販売に当たっては丸紅エアロスペース(東京都千代田区)と協力し、同社によるディーラー「ホンダジェットジャパン」が販売や整備、機体の運用サービスなどを行う。すでに国土交通省に型式証明の申請を行っており、2019年前半の納入開始を目指すという。

日本では5月にスイスで開かれた航空ショーで発表した高性能新型機の『ホンダジェットエリート』を販売する。価格は18年度の米国価格で525万ドル(約5億7800万円)。日本でのビジネスジェット機の保有は現在、官公庁保有機を含め90機程度となっており、まだ市場は大きくない。藤野社長は、日本での販売・普及イメージとして「4、5年くらいで(保有を)現在の2倍くらいにしたい」と述べた。

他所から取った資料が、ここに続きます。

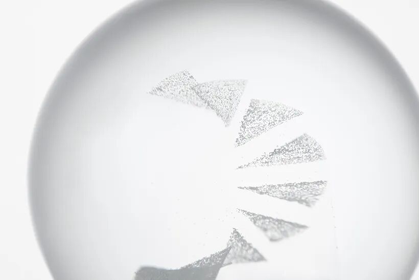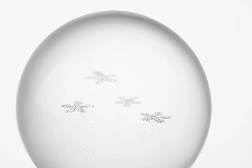 Generally, water-diluted glycerin is used to allow the particles in the snow globe to flutter slowly, with a refractive index of approximately 1.333 to 1.475. By creating an object using an ultra-transparent silicone resin with a refractive index as close as possible to this value, its form disappears.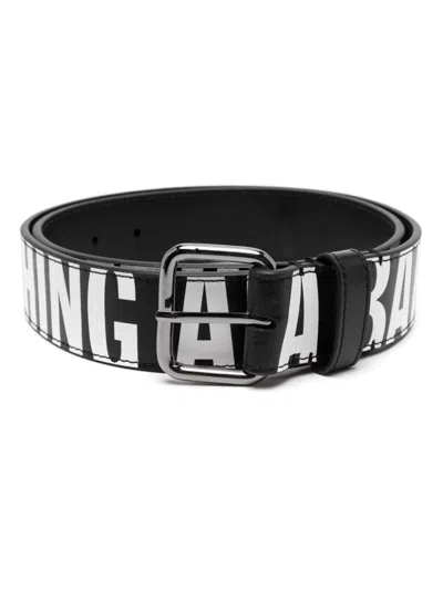 黑色 皮质 正面logo印花 环扣 打孔式 可调节松紧 银色五金配件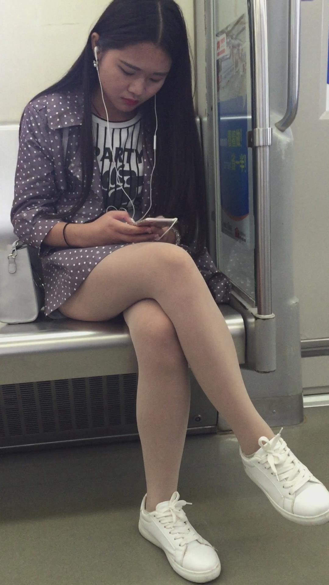 地铁上清纯漂亮的肉丝丝袜美腿板鞋少女低头玩手机 编号3092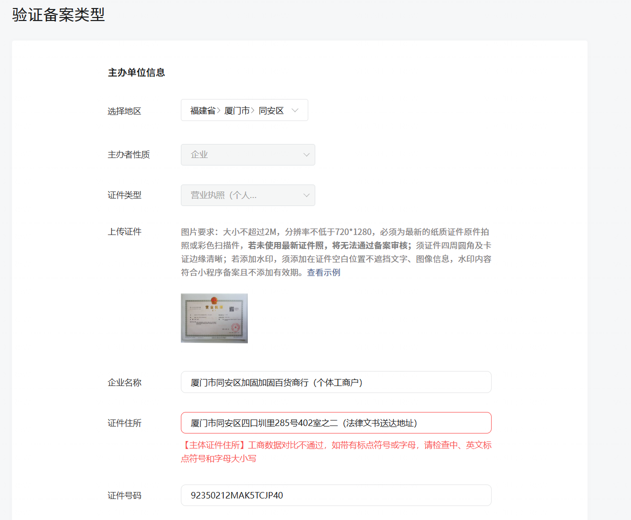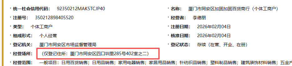 试试这个:(仅登记住所:厦门市同安区四口圳里285号402室之二)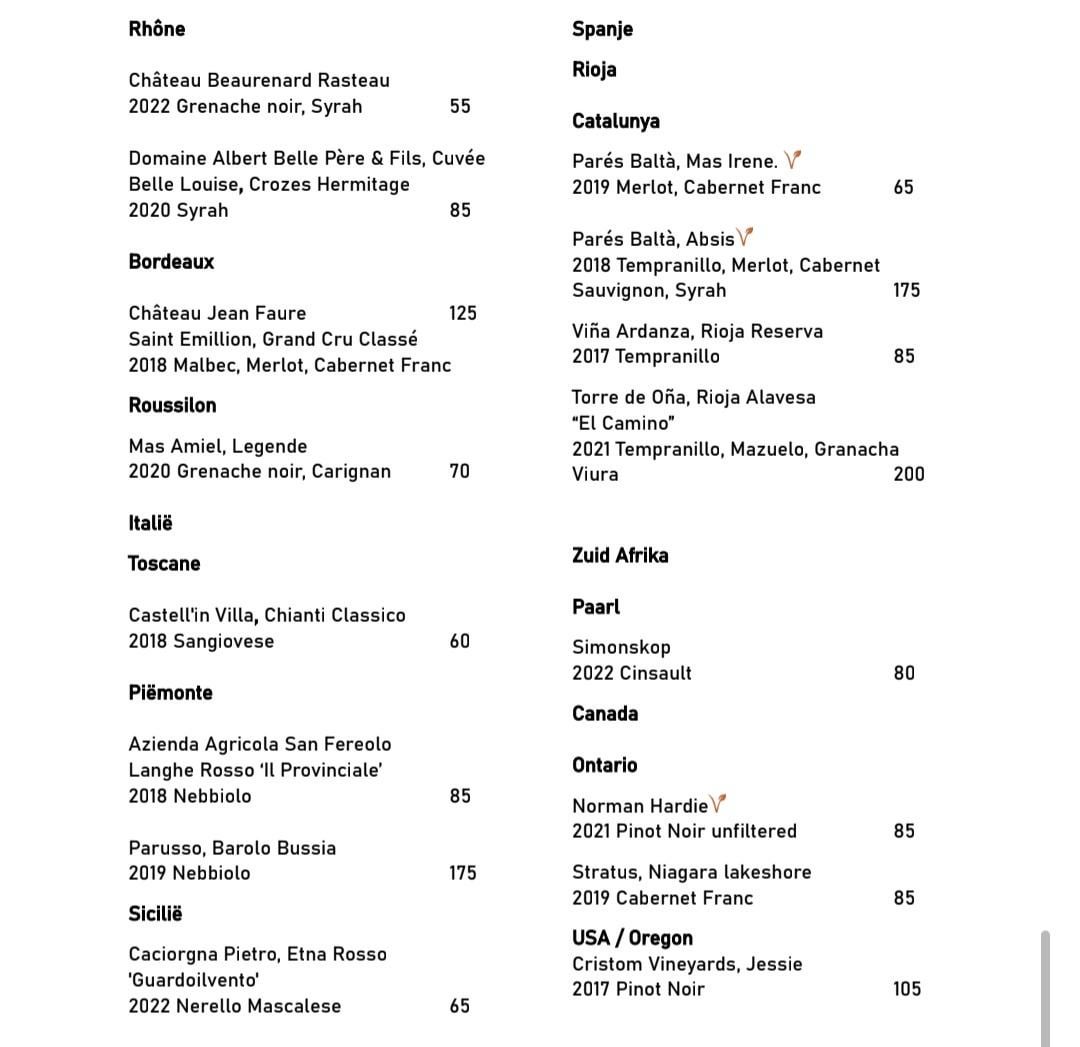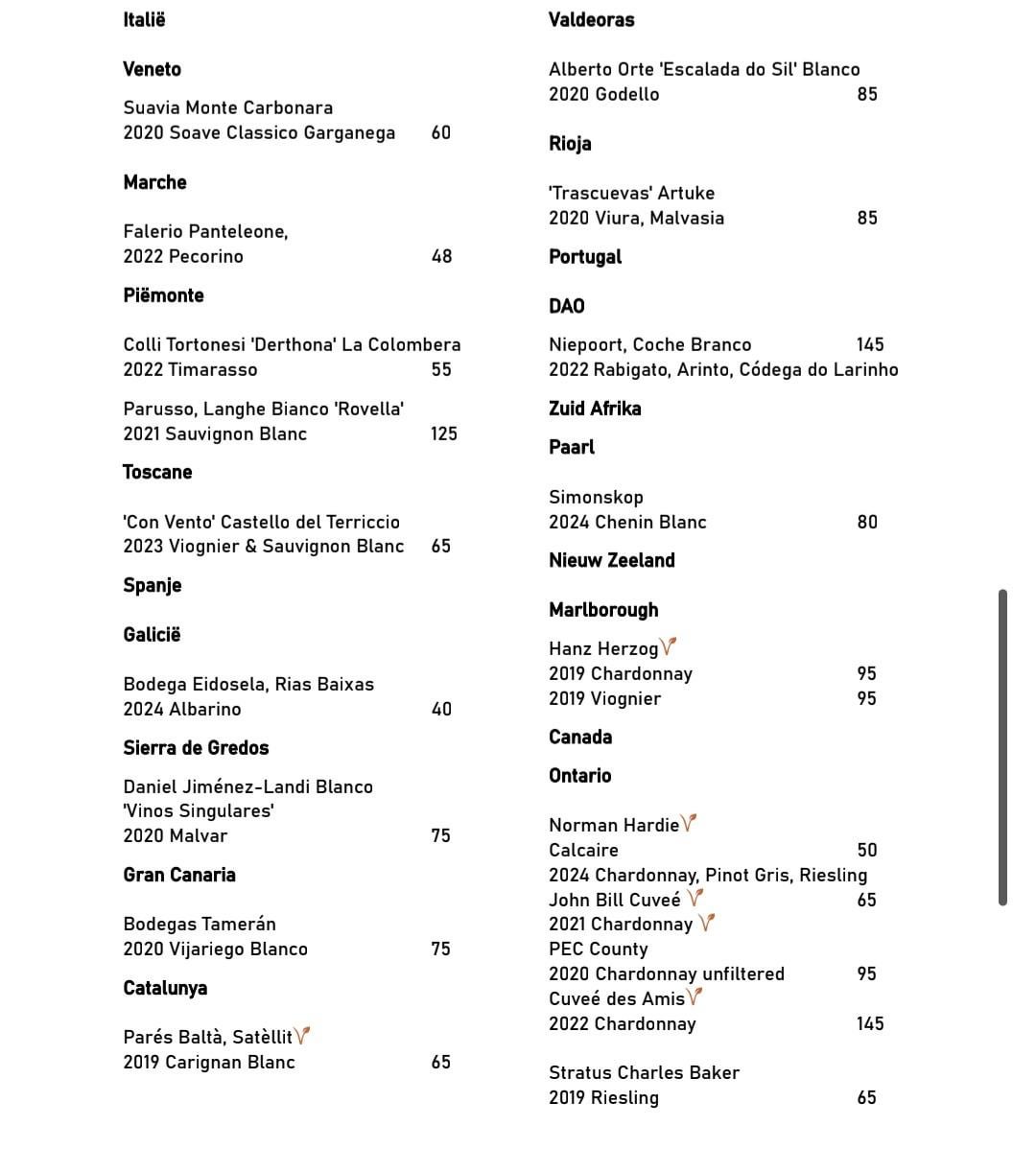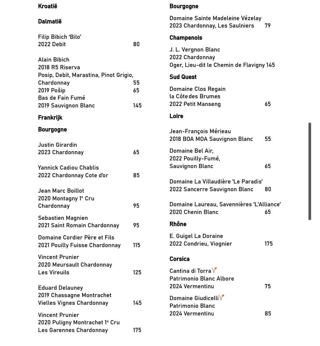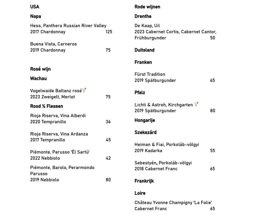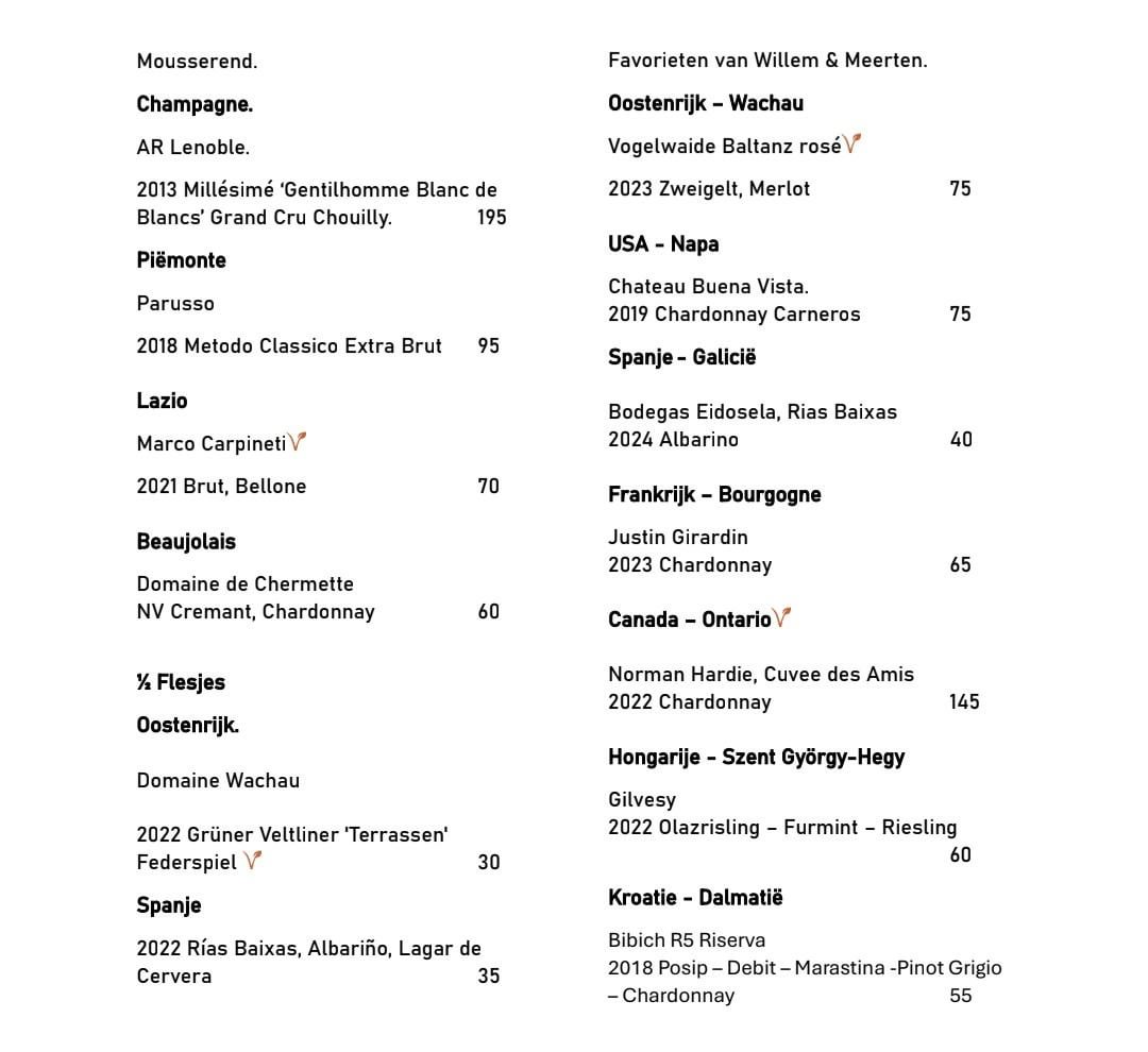 We are going with a large group. We will be ordering around 10 bottles (or more). We will be having meat/fish/vegetarian courses. The wine list is in Dutch. I hope that's not a problem. The whites are on page 2-4 and the reds are on page 5 and 6.

八郷社長は日本での航空機事業展開について「欧米での評判から日本でも導入してほしいというお客様の声が多く、もってくることにした。モビリティーカンパニーとして日本のビジネスジェットの普及にチャレンジしていきたい」と述べた。

藤野社長は「日本では84か所の空港が利用できる。ホンダジェット エリートは成田から上海までノンストップで飛べる性能をもっており、利便性は高い。日本に新しい交通システムをつくっていきたい」と抱負を語った。

ホンダジェットは17年の世界デリバリーが43機となり、小型ジェット機のカテゴリー別でデリバリー数トップとなった。現在の累計運用機数は86機にのぼっている。ホンダジェット エリートは、主翼上面にエンジンを配置するなどホンダジェットの独自技術に、複数の最新技術や装備を追加している。これにより、航続距離を2661kmと約17%(396km)延ばし、静粛性や離着陸時と飛行時の安定性能なども高めている。